Well, I was going to do a brief little entry and video clip about the wiggling masses twitching and dreaming and making all kinds of funny noises while they sleep.
I just thought it'd be fun.
So as the litter grew restless, I took my little compact camera in hand and starting filming.
Elsie, by this time, noticed their restlessness and started cleaning the whelping box floor. Most of her pups were to the right of the camera field off screen. I was going to capture little Miss Pink, who was on the left of the camera's view underneath the whelping box rail, as she squiggled over to Elsie for a middle-of-the-night snack.
I aimed the camera at Miss Pink on the left, and you can just barely see Elsie and a pup rump or two on the right.

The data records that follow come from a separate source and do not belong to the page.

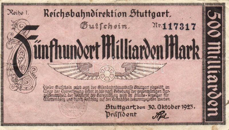 Beschreibung: Német Birodalom/Weimari Köztársaság/Német Birodalmi Vasutak/Stuttgart(Württemberg) 1923. 500.000.000.000M "Reihe 1" T:III/III+
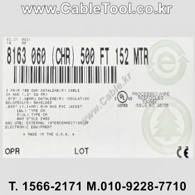 BELDEN 8163, 150m, 3Pair 24AWG, UL CM, UL AWM 2493 EIA RS-232/422, DMX512(조명제어), 저압 아날로그 신호(4-20mA), 저압 디지털 제어(24V), 디지털오디오, 판넬배선
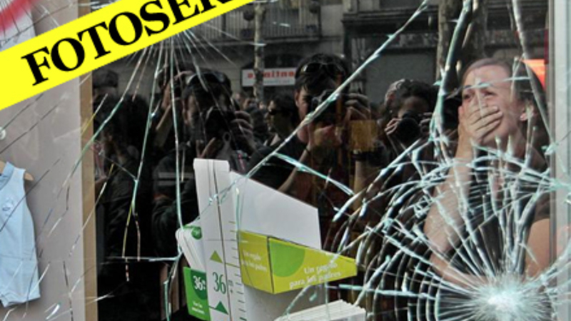 Unge er ved at smadre et vindue i Corte Inglés
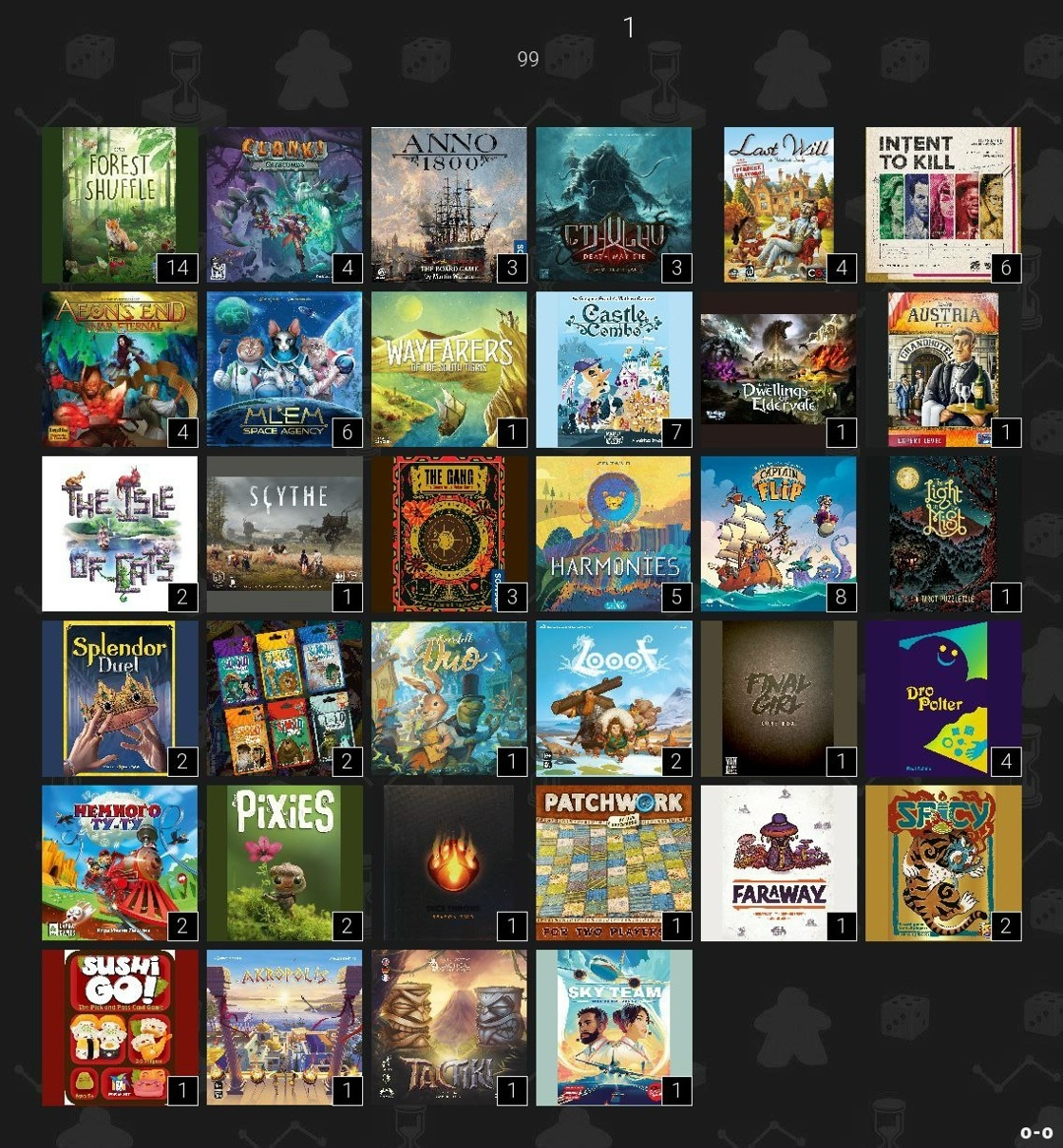 В этом месяце сыграли 99 партий в 34 игру! Из них 15 новых игр + 5 новых опробованных дополнений.
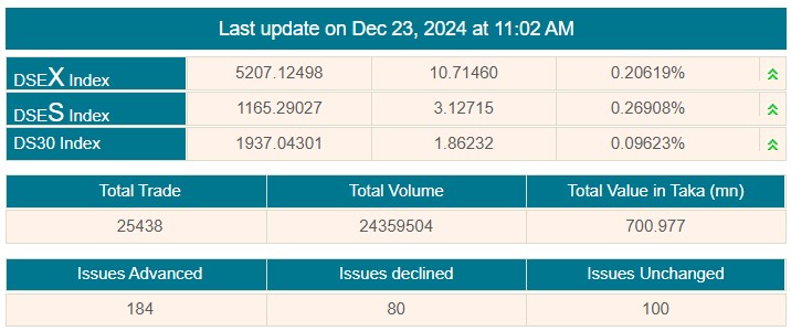 সূত্র মতে, আজ ডিএসইর লেনদেন শুরুর প্রথম ঘণ্টায় অর্থাৎ বেলা ১১ টা পর্যন্ত ডিএসইর প্রধান সূচক বা ‘ডিএসইএক্স’ ১০ দশমিক ৭১ পয়েন্ট বেড়ে অবস্থান করছে ৫ হাজার ২০৭ পয়েন্টে।
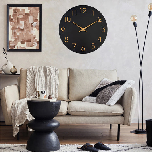 12 Inch Modern Wall Clock Battery Operated Silent Non Ticking Clock Decorative for Living Room Office Home School(Black)
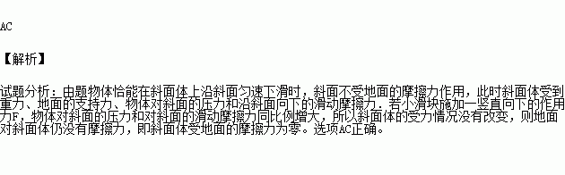 如图甲所示,斜面体静止在粗糙的水平地面上,斜面体上有一小滑块A沿斜面匀速下滑,现对小滑块施加一竖直向下的作用力F,如图乙所示两种情景下斜面体均处于静止状态,则下列说法正确的是
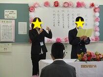 校長挨拶や、退舎生の言葉、記念品贈呈などが行われました。式後の保護者代表挨拶も含めて、感動的な式でした。
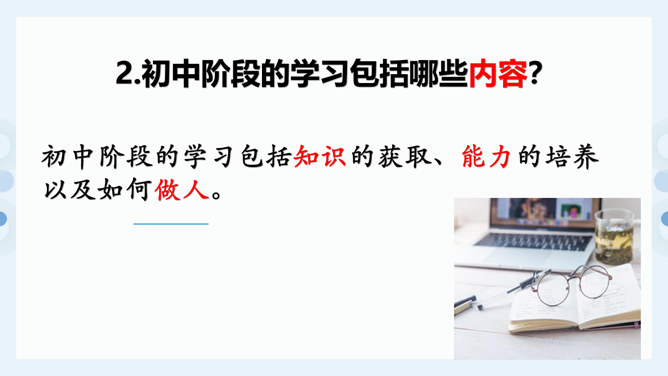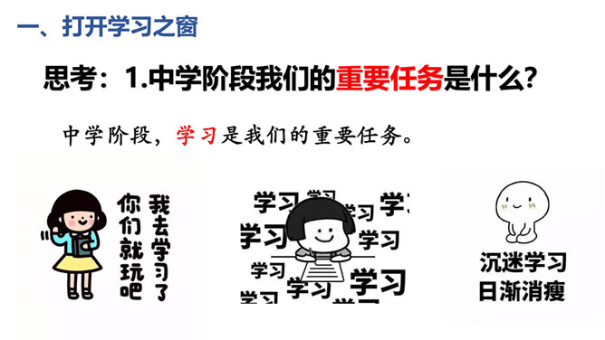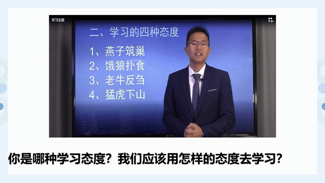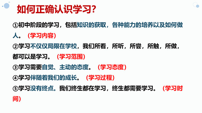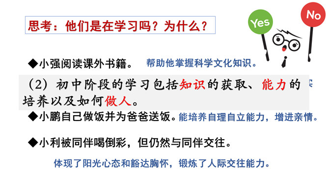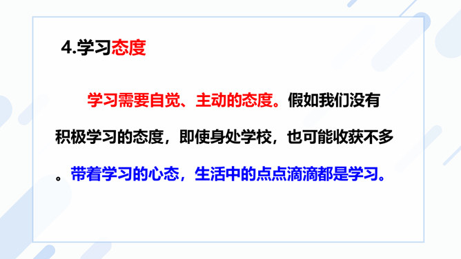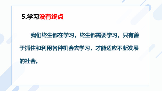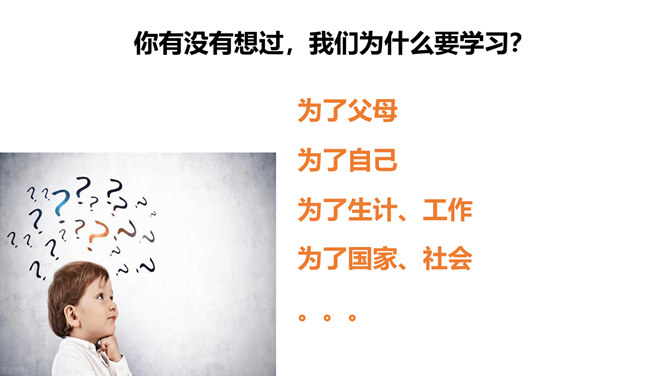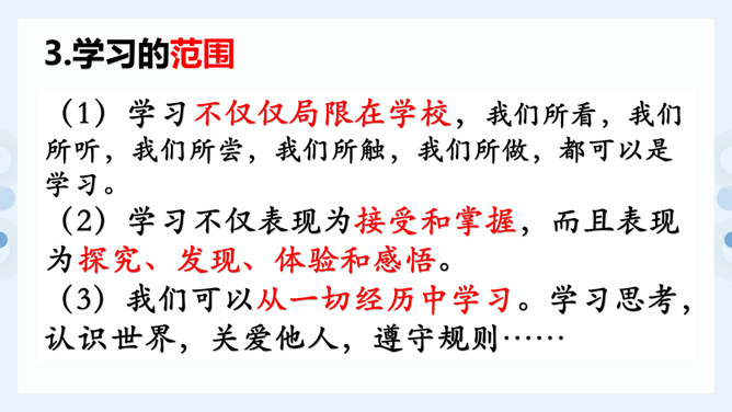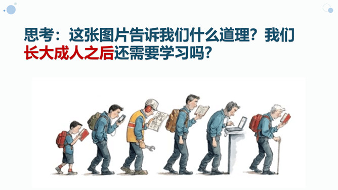 (1)学习不仅仅局限在学校,我们所看,我们所听,我们所尝,我们所触,我们所做,都可以是学习。(2)学习不仅表现为接受和掌握,而且表现为探究、发现、体验和感悟。(3)我们可以从一切经历中学习。学习思考,认识世界,关爱他人,遵守规则……学习需要自觉、主动的态度。假如我们没有积极学习的态度,即使身处学校,也可能收获不多。带着学习的心态,生活中的点点滴滴都是学习。思考:这张图片告诉我们什么道理?我们长大成人之后还需要学习吗?我们终生都在学习,终生都需要学习。所属专题:学习伴成长ppt。

Well, don't you know, just as I start filming..., well see for yourself (watch what you can see of Elsie and puppy rumps on the right side of the video image -- it happens very quickly, just a few seconds into the clip):
Just seconds into the clip (you can start it over and count 1 thousand 2 thousand, etc. to just about 5) Elsie plumps her full weight down on top of two of the pups, completely burying their heads and front legs (and one whole pup) under her butt.
I just dropped the camera, lifted her butt, and pulled the pups out (she didn't even make an attempt to move off them). You can hear the pups squealing while I do so (I didn't edit the footage at all -- sorry about the blank screen you get for the remainder of the clip).
And that, Dear Readers, is why we're still doing the 24/7 on-call watch of Elsie and her litter.
Last year, we lost a pup who suffocated under Elsie because he just wasn't big enough or strong enough to squiggle his way out from under her. This year we thought we'd try the 24/7 shift thing (Don and I playing tag team) for the first week, just until the pups can maneuver a bit better on their own.
Here we are into the fourth day (I started this post at about 3 a.m.), and if I'd not been sitting here watching, we might have gotten up to two lost pups in the morning.
You can bet I'm awake now, eh? (Elsie's plop-on-the-pups scared the bejeebers out of me.) No wonder they say nearly 20 percent of puppies don't make it through their first week of life.
So here I sit.
And here I will sit for a few more nights (I've been sleeping in the evenings when Don is home from work, then I relieve him at 1:00 or 1:30 a.m.).
What's a few nights anyway, particularly if it can save a pup from suffocating?
Again, sorry for the lack of clarity in the clip, but I think you get the idea. And, don't worry, all the pups are fine.
At least now I don't feel quite so crazy for keeping watch.